TASK DESCRIPTION |
Only the tail of the listing is wanted: the line containing "Avant Garde Timeless" and all after it, repeated exactly, pictures omitted.

GIVEN ENTRIES |
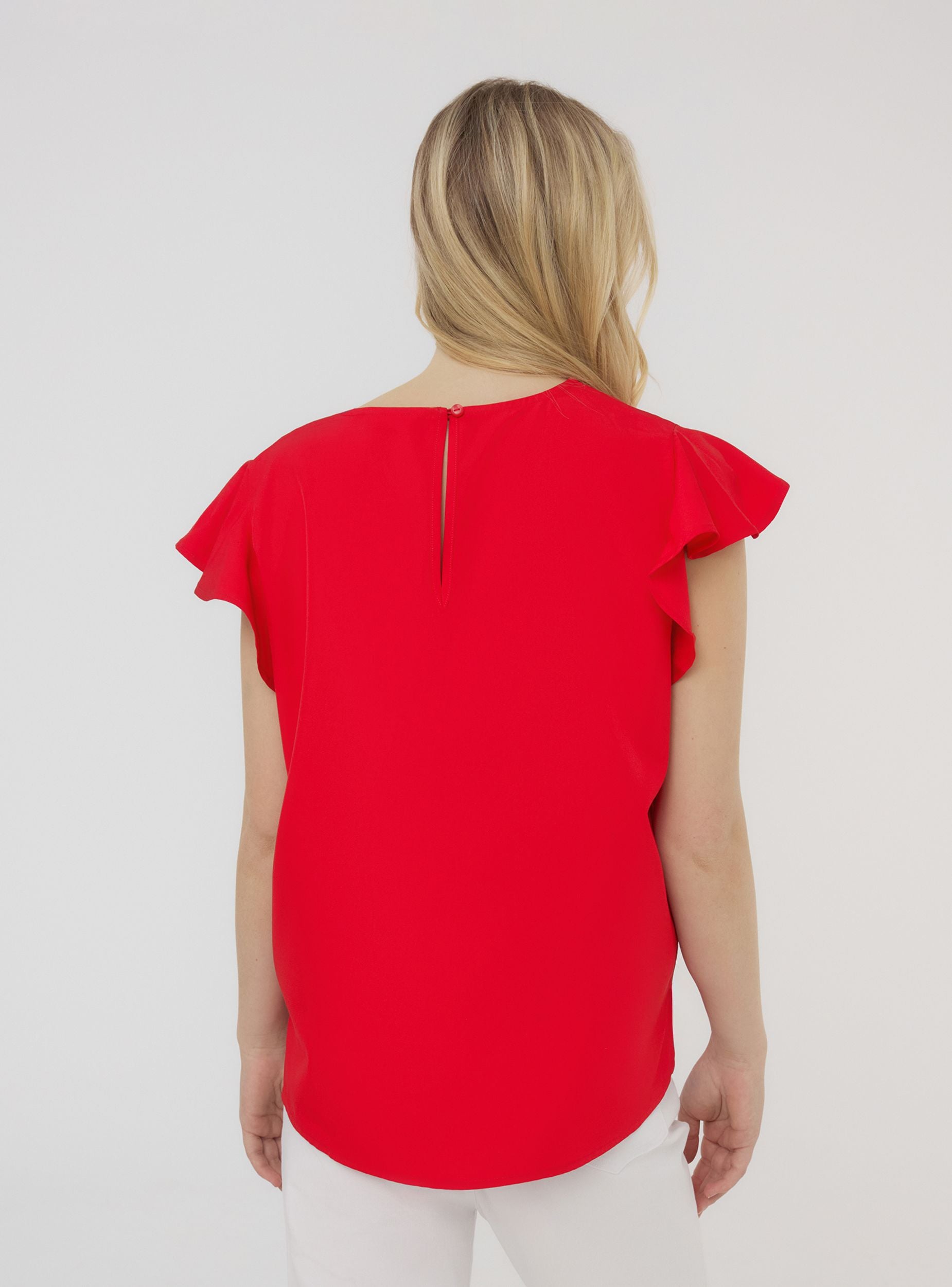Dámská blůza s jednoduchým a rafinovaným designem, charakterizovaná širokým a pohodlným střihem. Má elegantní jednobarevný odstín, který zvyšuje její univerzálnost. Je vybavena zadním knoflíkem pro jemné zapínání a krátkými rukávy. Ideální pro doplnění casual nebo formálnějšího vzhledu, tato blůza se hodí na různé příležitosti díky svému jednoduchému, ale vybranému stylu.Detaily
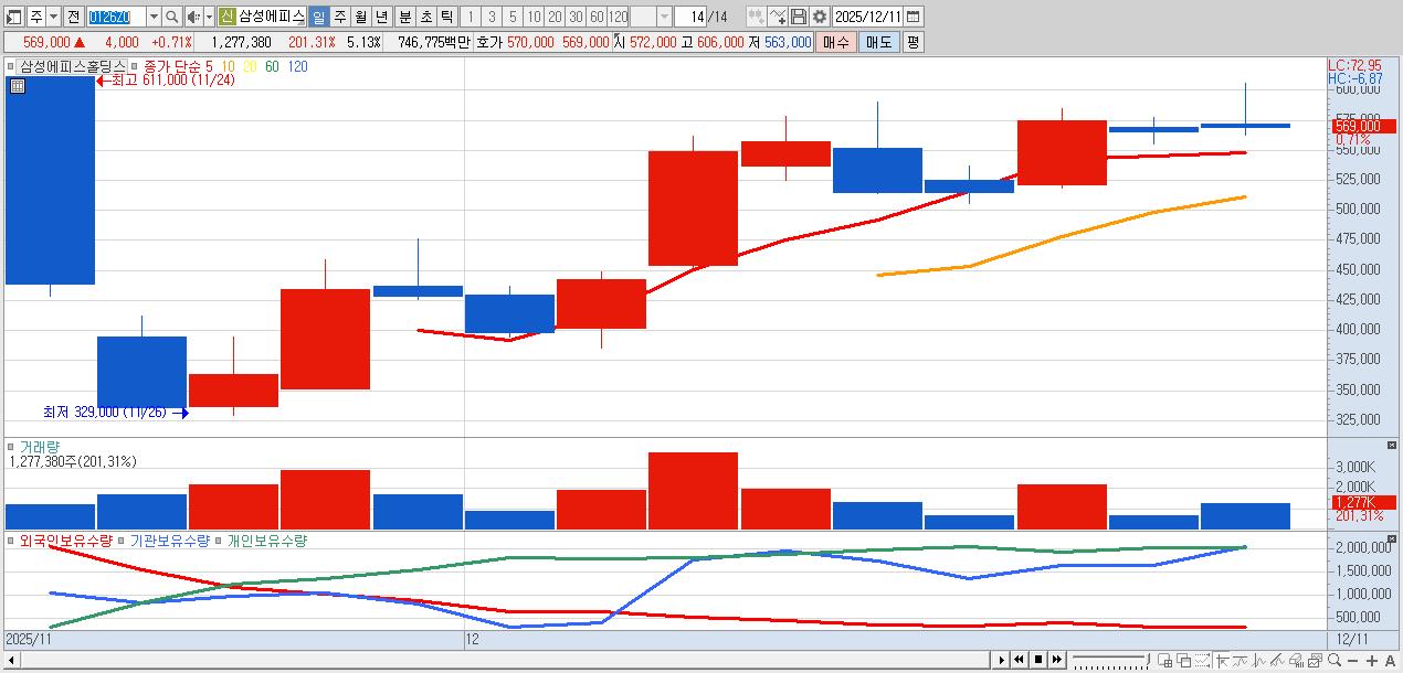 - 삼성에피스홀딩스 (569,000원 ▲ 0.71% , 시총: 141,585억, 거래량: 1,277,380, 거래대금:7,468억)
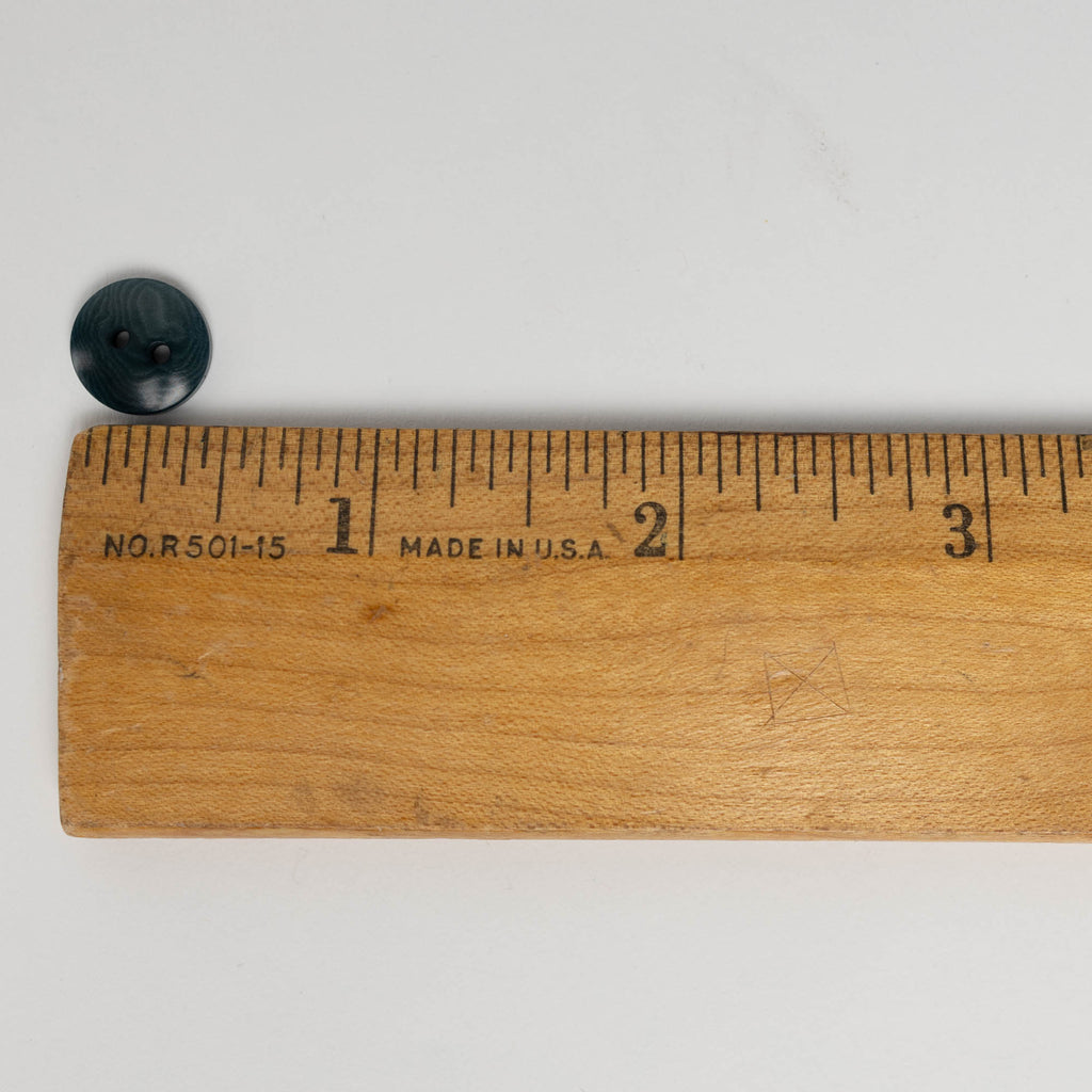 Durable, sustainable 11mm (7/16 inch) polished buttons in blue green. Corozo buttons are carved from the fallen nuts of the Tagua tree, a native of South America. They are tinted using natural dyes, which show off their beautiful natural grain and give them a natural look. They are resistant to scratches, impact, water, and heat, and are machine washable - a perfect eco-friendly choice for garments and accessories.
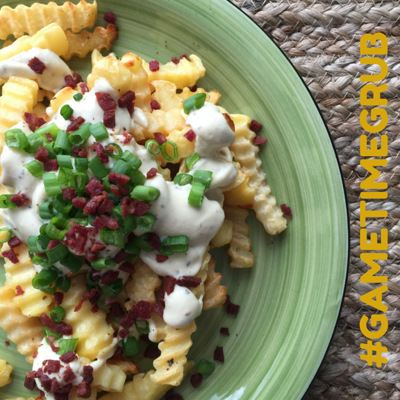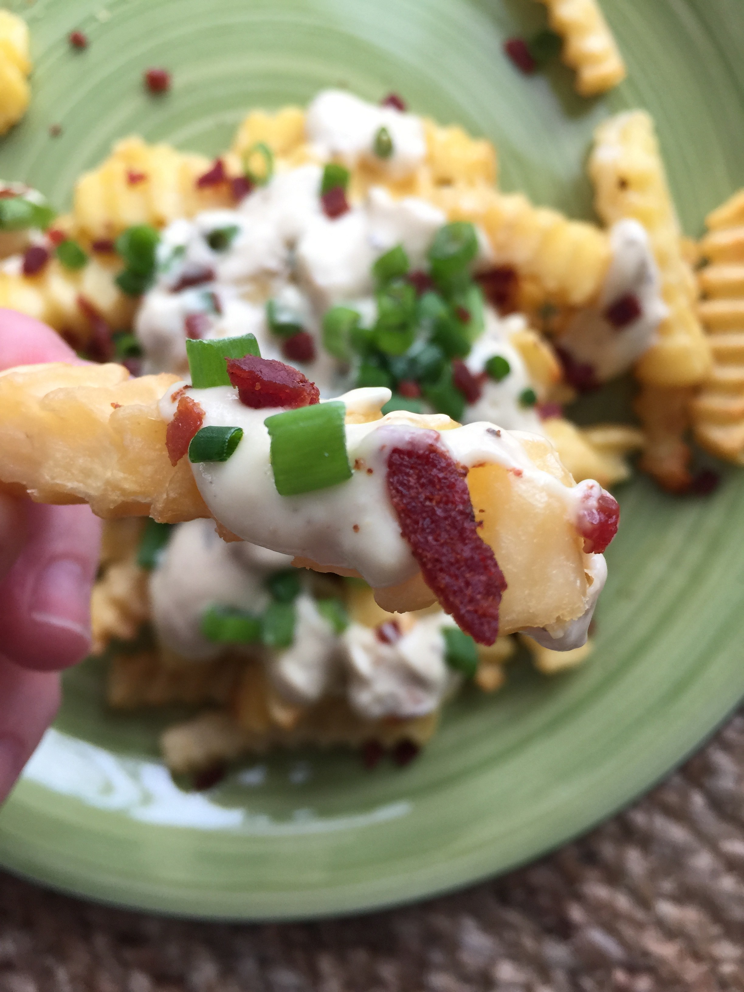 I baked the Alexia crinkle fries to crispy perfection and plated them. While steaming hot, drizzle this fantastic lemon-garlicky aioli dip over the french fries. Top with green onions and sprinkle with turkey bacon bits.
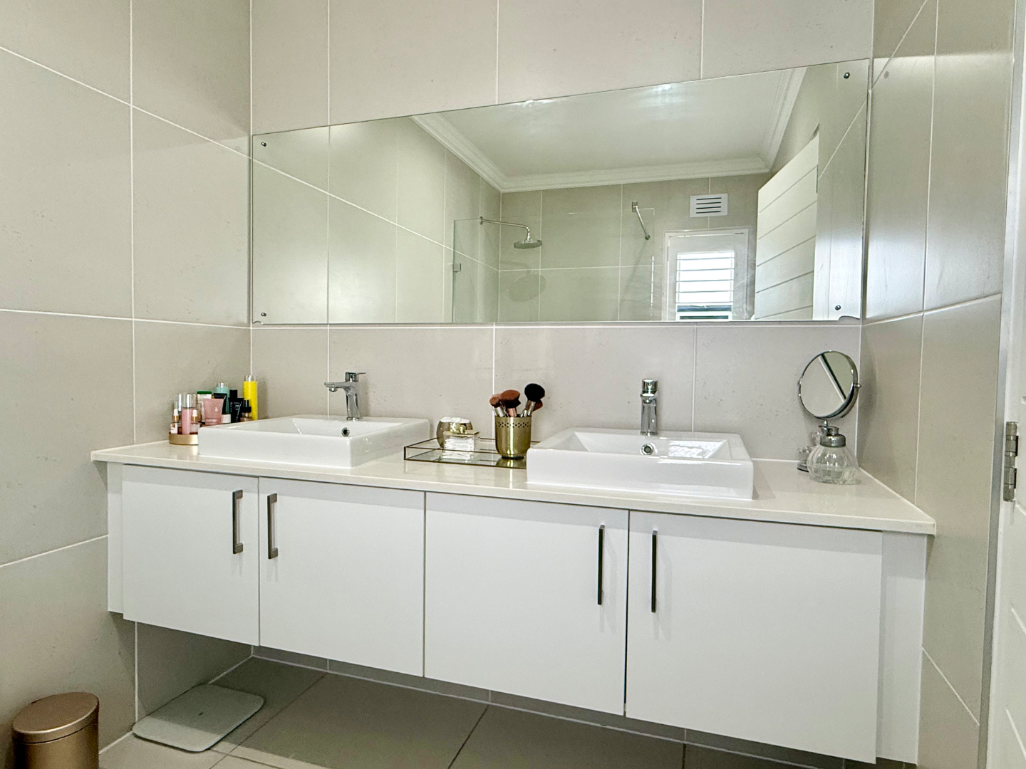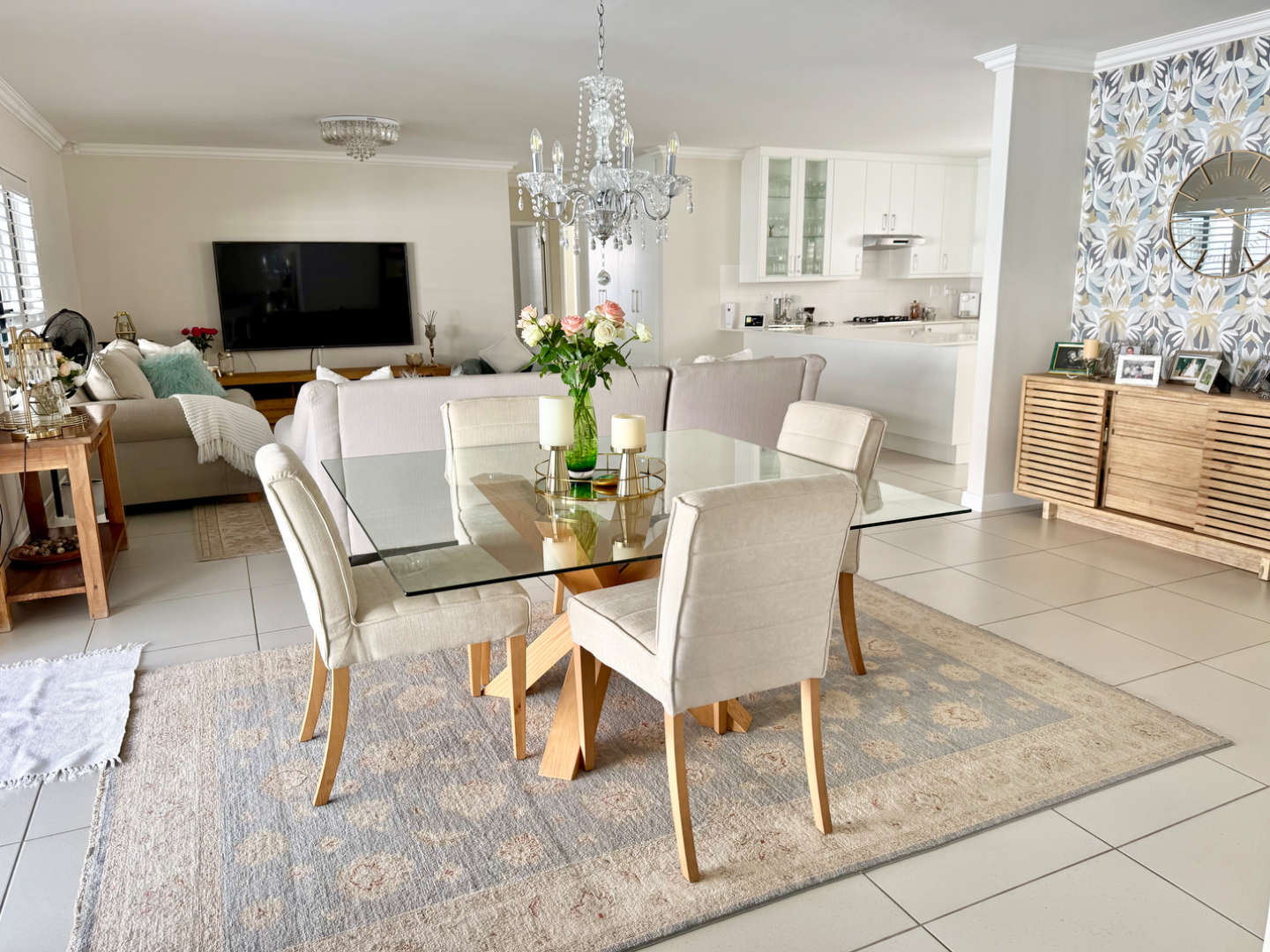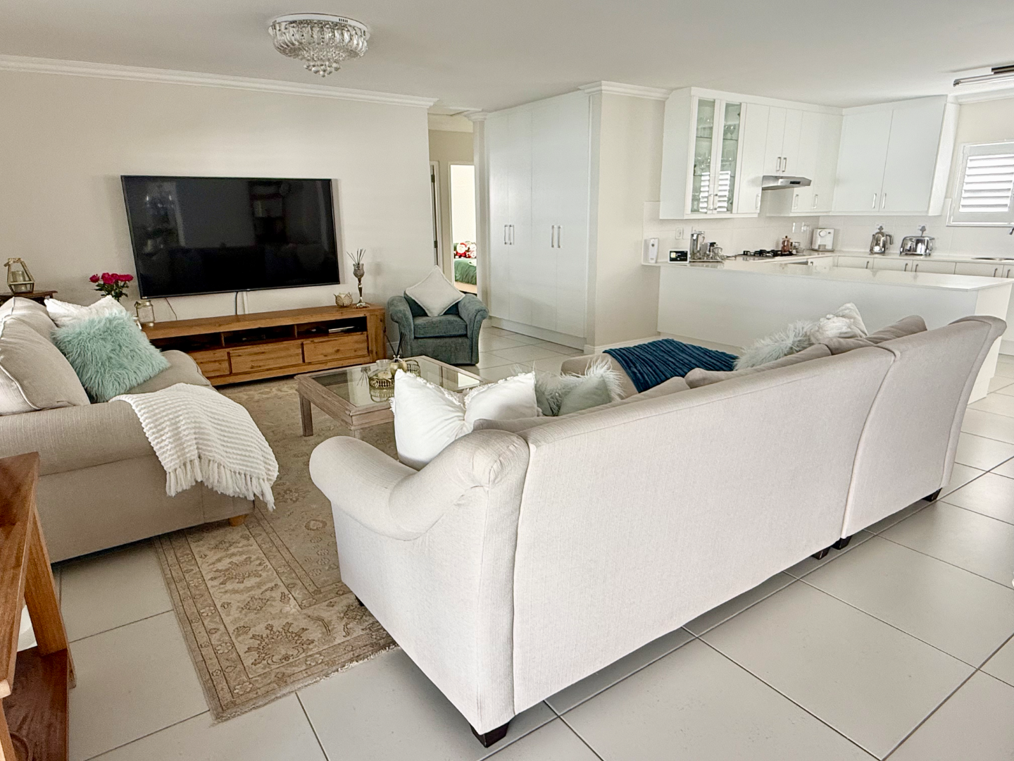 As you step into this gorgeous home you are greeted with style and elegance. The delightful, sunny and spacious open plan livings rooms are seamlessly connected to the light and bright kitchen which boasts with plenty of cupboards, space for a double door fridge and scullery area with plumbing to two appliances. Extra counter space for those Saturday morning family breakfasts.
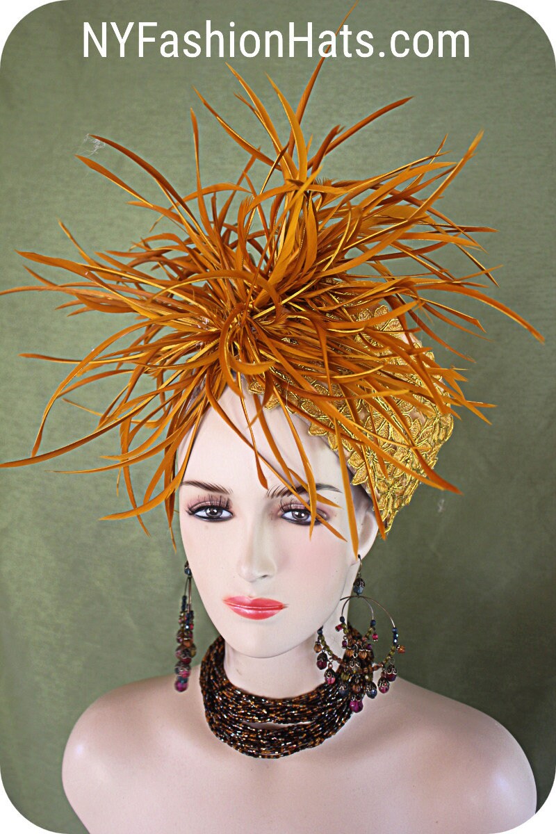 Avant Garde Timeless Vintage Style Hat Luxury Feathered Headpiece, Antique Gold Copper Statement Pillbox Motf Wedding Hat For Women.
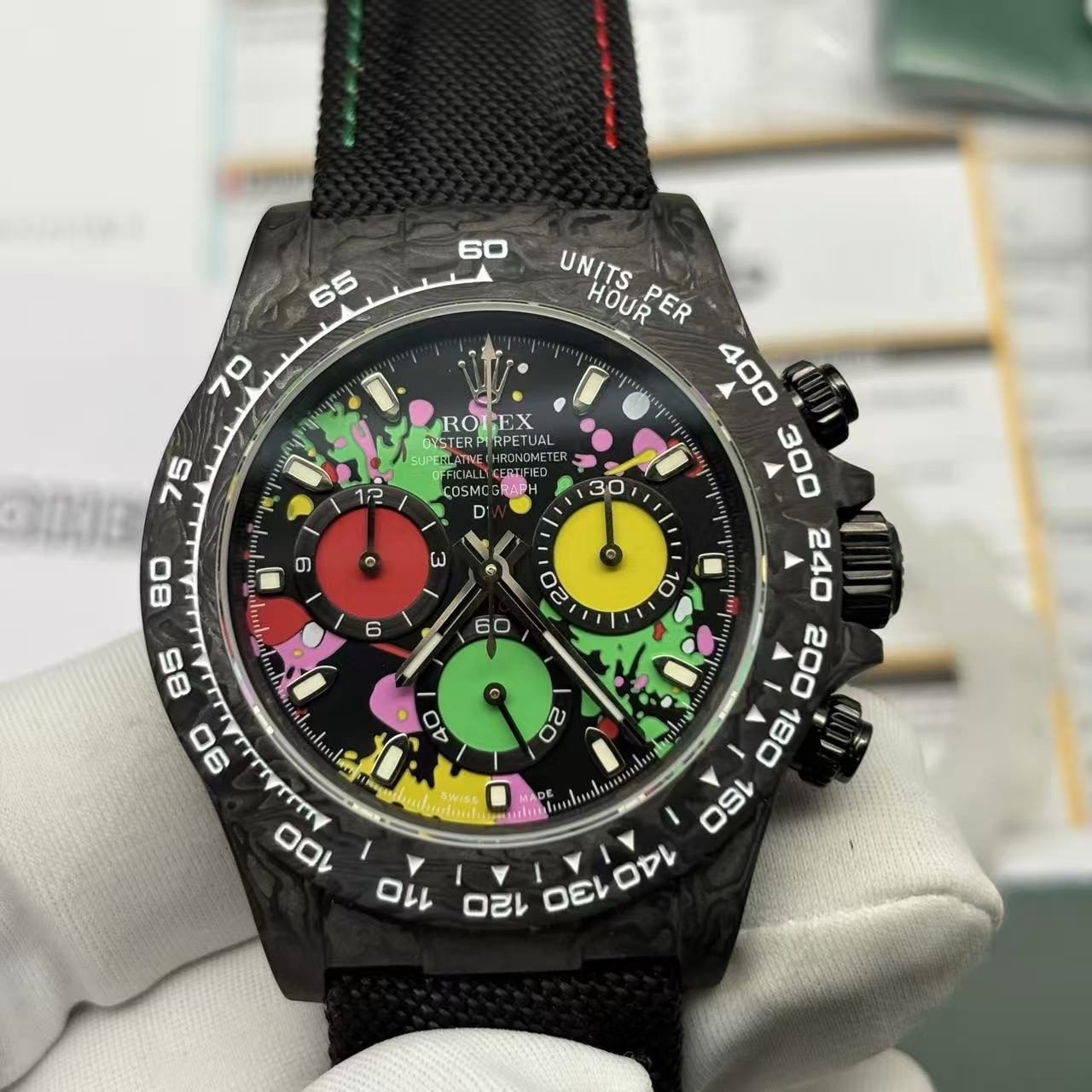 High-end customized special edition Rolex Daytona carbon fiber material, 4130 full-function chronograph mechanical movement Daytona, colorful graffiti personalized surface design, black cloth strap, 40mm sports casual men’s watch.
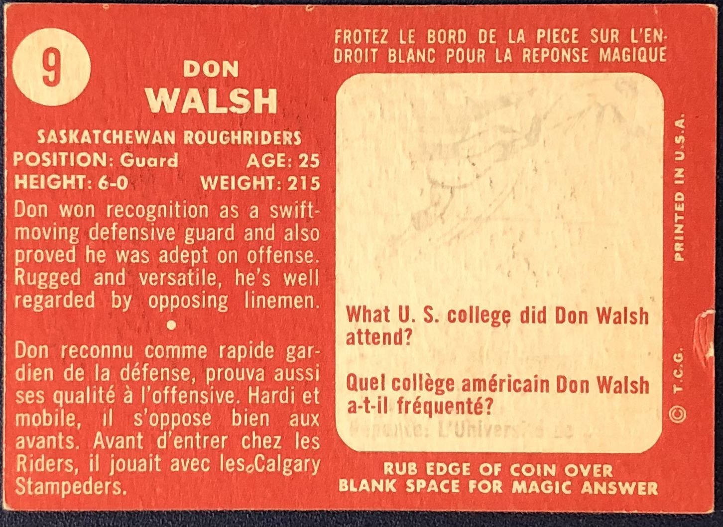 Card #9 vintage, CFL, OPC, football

SOLUTION FOR THIS EXERCISE |
 Avant Garde Timeless Vintage Style Hat Luxury Feathered Headpiece, Antique Gold Copper Statement Pillbox Motf Wedding Hat For Women.
 High-end customized special edition Rolex Daytona carbon fiber material, 4130 full-function chronograph mechanical movement Daytona, colorful graffiti personalized surface design, black cloth strap, 40mm sports casual men’s watch.
 Card #9 vintage, CFL, OPC, football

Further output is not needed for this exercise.